Swift Parrot expert Dr Matthew Webb has stated that “the continuation of logging of the Swift Parrot’s habitat (feeding and nesting) will lock the species into extinction. Without its habitat, all other threats the species faces become irrelevant.”

Beyond the direct impacts of logging, the main threat to Swift Parrots is predation by the introduced sugar glider. Swift Parrot researcher Dejan Stojanovic noted in 2022 that: “Sugar gliders seem to tolerate or even benefit from logging, and they occupy lots of the remaining habitat in disturbed forests. When the Swift Parrots turn up for their annual breeding season, those little pockets of habitat are full of their main nest predators. It’s like a perfect storm: logging destroys the available breeding habitat for Swift Parrots and pushes them into places where they’re more likely to interact with sugar gliders. As a result, they’re more likely to die. So there’s two threatening processes there which act in synergy… logging has this unexpected impact in terms of predation, in addition to the physical removal of habitat.

Photo: Rob Blakers stands in logging coupe SH050B in Tasmania’s Eastern Tiers. Anna Brozek.

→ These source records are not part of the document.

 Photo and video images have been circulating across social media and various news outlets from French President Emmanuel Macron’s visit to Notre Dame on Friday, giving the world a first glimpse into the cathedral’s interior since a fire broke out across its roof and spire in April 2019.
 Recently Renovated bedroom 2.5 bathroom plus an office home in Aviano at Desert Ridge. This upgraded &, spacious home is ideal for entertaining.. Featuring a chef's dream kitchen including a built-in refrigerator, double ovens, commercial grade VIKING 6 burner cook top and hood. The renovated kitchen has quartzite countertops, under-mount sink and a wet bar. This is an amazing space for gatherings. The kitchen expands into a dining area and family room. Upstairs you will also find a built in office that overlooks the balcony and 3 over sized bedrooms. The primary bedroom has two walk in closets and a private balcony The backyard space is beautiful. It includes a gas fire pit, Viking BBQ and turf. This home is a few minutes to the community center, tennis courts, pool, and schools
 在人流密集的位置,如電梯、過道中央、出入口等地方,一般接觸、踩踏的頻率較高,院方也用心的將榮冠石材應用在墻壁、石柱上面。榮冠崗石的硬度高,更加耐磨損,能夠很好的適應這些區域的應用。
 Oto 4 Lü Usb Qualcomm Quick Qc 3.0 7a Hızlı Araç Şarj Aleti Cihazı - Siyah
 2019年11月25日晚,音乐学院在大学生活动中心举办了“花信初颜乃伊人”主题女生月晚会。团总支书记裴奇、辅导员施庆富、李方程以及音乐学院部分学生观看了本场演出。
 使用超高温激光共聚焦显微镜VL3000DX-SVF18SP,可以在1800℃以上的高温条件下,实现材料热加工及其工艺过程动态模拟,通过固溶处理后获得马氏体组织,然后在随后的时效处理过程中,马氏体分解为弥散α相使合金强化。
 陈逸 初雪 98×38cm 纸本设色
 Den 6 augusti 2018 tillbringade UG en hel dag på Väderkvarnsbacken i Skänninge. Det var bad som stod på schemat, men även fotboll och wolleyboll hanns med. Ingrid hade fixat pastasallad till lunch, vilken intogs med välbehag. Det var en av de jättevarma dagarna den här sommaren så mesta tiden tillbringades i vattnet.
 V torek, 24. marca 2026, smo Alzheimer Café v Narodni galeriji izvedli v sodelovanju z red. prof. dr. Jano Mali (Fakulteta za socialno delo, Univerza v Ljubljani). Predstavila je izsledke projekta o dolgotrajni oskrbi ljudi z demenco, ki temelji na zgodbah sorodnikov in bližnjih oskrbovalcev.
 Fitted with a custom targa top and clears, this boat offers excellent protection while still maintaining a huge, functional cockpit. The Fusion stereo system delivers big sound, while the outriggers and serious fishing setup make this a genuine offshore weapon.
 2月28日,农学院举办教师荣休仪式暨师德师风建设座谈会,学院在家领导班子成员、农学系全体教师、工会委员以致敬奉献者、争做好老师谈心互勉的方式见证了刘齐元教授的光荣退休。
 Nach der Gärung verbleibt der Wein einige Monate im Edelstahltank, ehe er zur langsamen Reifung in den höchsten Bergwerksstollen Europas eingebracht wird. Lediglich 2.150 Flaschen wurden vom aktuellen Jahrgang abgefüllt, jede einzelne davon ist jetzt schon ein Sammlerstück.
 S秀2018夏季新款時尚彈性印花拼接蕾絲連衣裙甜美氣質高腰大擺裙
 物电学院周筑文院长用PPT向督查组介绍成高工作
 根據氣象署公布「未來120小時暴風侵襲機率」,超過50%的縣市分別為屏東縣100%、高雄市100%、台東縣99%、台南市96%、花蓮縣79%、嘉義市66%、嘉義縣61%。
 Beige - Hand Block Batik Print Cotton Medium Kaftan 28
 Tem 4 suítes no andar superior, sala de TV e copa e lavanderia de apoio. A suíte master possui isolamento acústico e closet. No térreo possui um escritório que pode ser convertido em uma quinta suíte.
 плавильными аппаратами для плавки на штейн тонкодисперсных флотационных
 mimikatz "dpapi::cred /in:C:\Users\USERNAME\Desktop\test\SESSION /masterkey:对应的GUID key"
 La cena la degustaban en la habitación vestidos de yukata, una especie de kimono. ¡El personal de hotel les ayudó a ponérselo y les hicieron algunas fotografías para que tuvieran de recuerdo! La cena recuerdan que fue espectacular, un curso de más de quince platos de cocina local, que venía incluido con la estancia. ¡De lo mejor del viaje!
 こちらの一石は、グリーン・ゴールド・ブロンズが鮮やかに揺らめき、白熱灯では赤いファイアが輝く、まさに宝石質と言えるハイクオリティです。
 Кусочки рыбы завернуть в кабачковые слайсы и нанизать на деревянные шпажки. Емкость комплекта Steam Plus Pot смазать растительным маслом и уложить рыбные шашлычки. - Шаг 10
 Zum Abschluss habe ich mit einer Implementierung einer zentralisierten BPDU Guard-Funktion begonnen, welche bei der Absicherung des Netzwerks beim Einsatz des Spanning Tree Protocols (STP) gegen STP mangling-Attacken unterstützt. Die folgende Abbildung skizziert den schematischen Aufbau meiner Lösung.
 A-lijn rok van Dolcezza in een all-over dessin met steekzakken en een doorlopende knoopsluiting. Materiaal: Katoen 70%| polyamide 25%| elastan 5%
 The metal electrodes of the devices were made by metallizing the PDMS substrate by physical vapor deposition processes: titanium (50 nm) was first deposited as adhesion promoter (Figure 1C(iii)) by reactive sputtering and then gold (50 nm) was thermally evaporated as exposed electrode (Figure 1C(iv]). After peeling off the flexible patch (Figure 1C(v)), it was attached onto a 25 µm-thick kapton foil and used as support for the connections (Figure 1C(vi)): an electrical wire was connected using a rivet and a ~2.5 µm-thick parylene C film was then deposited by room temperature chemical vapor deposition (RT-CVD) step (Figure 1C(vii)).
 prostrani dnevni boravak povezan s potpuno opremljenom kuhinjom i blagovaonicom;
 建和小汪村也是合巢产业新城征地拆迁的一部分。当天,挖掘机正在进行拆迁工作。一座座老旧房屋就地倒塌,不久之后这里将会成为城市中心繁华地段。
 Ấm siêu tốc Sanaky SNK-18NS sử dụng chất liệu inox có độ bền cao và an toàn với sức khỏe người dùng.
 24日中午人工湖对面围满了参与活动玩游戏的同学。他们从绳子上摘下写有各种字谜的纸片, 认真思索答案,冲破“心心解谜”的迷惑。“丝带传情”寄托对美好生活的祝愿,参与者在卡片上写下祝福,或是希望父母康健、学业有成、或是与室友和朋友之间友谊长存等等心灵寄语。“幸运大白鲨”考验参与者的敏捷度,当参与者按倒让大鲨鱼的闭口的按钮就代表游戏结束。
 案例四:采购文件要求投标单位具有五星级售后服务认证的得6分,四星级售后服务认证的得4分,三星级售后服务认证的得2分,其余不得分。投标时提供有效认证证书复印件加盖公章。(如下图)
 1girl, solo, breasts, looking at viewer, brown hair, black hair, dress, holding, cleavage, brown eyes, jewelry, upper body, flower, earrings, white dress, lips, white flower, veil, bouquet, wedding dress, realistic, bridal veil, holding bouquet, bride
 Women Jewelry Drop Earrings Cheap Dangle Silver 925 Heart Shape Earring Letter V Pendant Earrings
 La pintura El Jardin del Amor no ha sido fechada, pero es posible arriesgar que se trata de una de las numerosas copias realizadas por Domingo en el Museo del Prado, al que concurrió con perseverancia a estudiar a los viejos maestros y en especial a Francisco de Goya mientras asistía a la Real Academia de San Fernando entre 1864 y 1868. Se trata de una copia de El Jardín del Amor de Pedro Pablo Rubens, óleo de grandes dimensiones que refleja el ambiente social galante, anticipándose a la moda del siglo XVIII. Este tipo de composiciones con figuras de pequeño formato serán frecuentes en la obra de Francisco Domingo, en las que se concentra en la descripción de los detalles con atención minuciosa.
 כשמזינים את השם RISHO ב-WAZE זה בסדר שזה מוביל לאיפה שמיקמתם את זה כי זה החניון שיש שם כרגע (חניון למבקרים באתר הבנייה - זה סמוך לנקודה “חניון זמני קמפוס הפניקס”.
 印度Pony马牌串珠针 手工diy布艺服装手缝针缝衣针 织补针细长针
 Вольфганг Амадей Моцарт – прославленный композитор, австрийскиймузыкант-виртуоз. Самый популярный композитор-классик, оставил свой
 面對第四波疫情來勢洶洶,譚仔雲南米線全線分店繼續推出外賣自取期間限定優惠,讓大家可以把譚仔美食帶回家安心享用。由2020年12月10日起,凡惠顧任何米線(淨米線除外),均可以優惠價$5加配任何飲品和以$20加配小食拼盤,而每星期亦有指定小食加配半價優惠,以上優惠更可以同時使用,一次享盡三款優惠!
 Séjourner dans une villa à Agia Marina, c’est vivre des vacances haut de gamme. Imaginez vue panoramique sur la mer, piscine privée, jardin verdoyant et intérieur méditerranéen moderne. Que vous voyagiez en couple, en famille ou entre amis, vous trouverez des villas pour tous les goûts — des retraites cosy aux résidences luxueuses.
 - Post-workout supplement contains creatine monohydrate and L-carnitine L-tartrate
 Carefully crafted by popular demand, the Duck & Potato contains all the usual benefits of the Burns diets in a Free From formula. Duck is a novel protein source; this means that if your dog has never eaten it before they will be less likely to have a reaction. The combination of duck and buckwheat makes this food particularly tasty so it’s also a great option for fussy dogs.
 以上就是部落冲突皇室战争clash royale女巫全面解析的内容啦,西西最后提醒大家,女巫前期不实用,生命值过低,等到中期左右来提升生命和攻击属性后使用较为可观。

In 2016 and again in 2020 Forestry Tasmania failed to gain Forest Stewardship Council (FSC) certification, on the basis of poor threatened species management – in particular the continued logging of Swift Parrot habitat, and for the logging of oldgrowth forests. The current logging at SH050B shows contempt for FSC standards by Forestry Tasmania and can be seen as the final nail in the coffin for Forestry Tasmania’s FSC certification quest.

Mirroring the climate crisis is the biodiversity crisis and the Swift Parrot is at the forefront of that. 40 years ago there would have been several thousand Swift Parrots. A 1989 estimate had their numbers at over 2600, but declining. Their fate now, and the fate of a cascade of other wildlife and ecosystems, depends on the maintenance of old trees and undisturbed native forests.

The logging at SH050B is a big lurch towards extinction for the Swift Parrot.

All Swift Parrot habitat should be immediately protected in secure reserves.